You are beautiful

Jun 24, 2006 17:03

Someone said one word to me today and guess what: I remember what I was going to say. I guess I'll just make this entry chapter seven in my "book" and mix in a little of my previous entry and we'll call it fin. A lot of you know my brother, Josh. And a lot of you know I talk about him (positively) all the time. You also know that I am sort of "following in his footsteps." What a lot of you don't realize is what kind of role Josh has had to play in my life. Not only has he played the big brother role, but he's also played a part as the closest thing to a father figure I have. Growing up (not that I've stopped), I never had anyone to say, "Kae, you're beautiful," in the father-like way. I mean, I've heard it from friends, boyfriends, and magazines, but never from the Hero or Prince Charming that I call daddy. Josh adopted that role at age sixteen, when our parents divorced (as mentioned in previous entry). In doing so, he took a lot on himself. He was now the man of the house. I most definitely look up to him and I don't think any of you understand how much I respect him and love him. None of you except my sister and I know how awesome of a man he is. While Josh was somewhere around North Carolina (on the AT) he wrote me a long-awaited letter. He was basically explaining what I am telling you now about our childhood and family life, or lack thereof. Towards the end of the letter, he said, "Kaeli, you are beautiful." And that wasn't a superficial remark regarding the rest of the letter. That was probably the most sincere thing anyone has ever said to me. Because of that, I realize now how blessed I am to have Josh as my brother. Now, I understand why some of you roll your eyes when you hear me say that I want to go to Sweden, go to Montreat, and hike the AT, but I hope now you know why I want to do all these things. Although I want to follow in his footsteps, I have different motives than he does about doing these things. Some of his were to find God and see what kind of man he should become. Mine are to learn to trust God and be the woman I can become.
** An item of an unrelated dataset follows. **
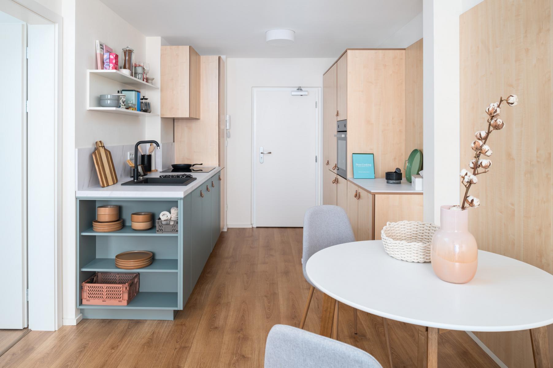 Prospective buyers can explore four model apartments, each designed with unique themes inspired by European capitals—Prague, Oslo, and Berlin—created in collaboration with design partners Kitchen and Interior Living, and architecture studio Reaktor. The Prague-inspired unit features warm tones and traditional materials, while Berlin offers an edgy, high-contrast aesthetic, and Oslo embodies minimalist Nordic design. Recently, an additional model unit was introduced in partnership with retailer Bonami, allowing future residents to visualize a variety of design possibilities. Buyers are encouraged to add personal touches to their interiors, tailoring each space to their tastes.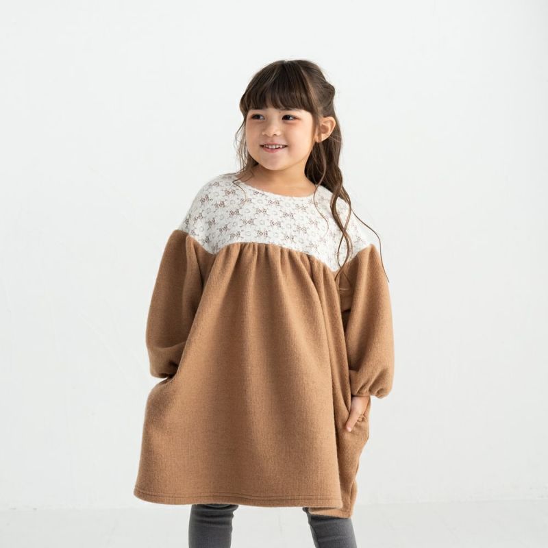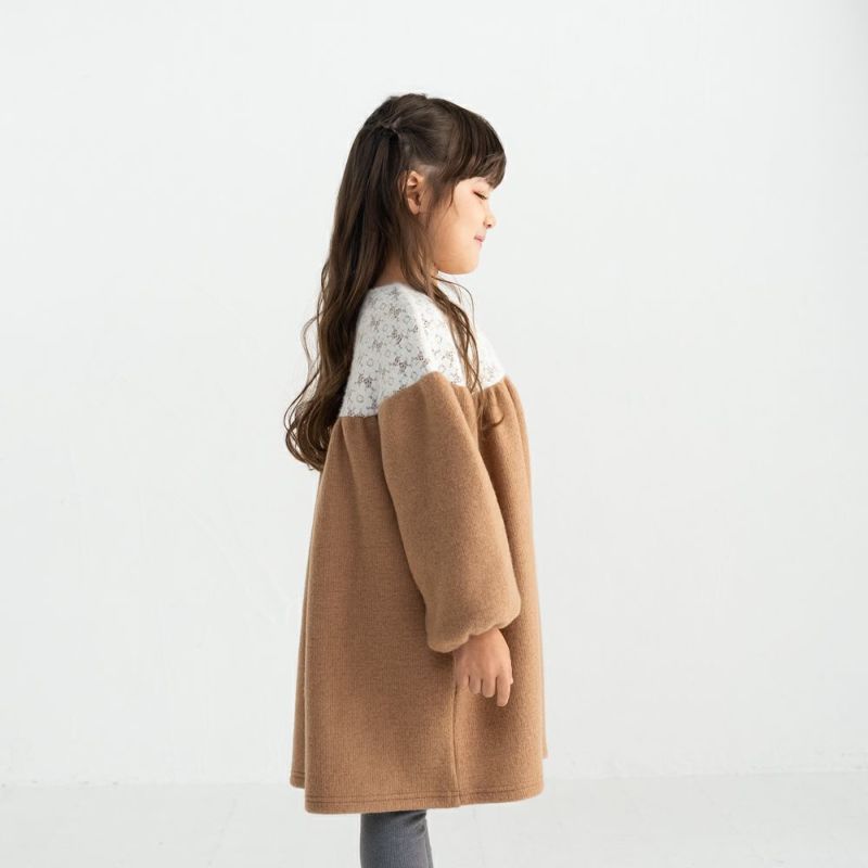 モヘアニット切替が人気のギャザードッキングワンピース。ぽわんとした袖とギャザースカートが女の子らしさを感じるデザイン♪起毛レース×モヘアニット素材がシーズンムードを盛り上げてくれます♪両脇にポケットを備えているので実用性も◎

I guess I'm just writing this because I love my brother so much, and my thanks to him doesn't give it justice. He has set such an example for me spiritually.. Even for those of you who don't know him, he has left a legacy in me that I hope you all see. So, Josh, if you're reading this, I just want to say thanks. The most sincere thanks I have in me, and I love you. Never stop believing and keep lookin' up. All of you.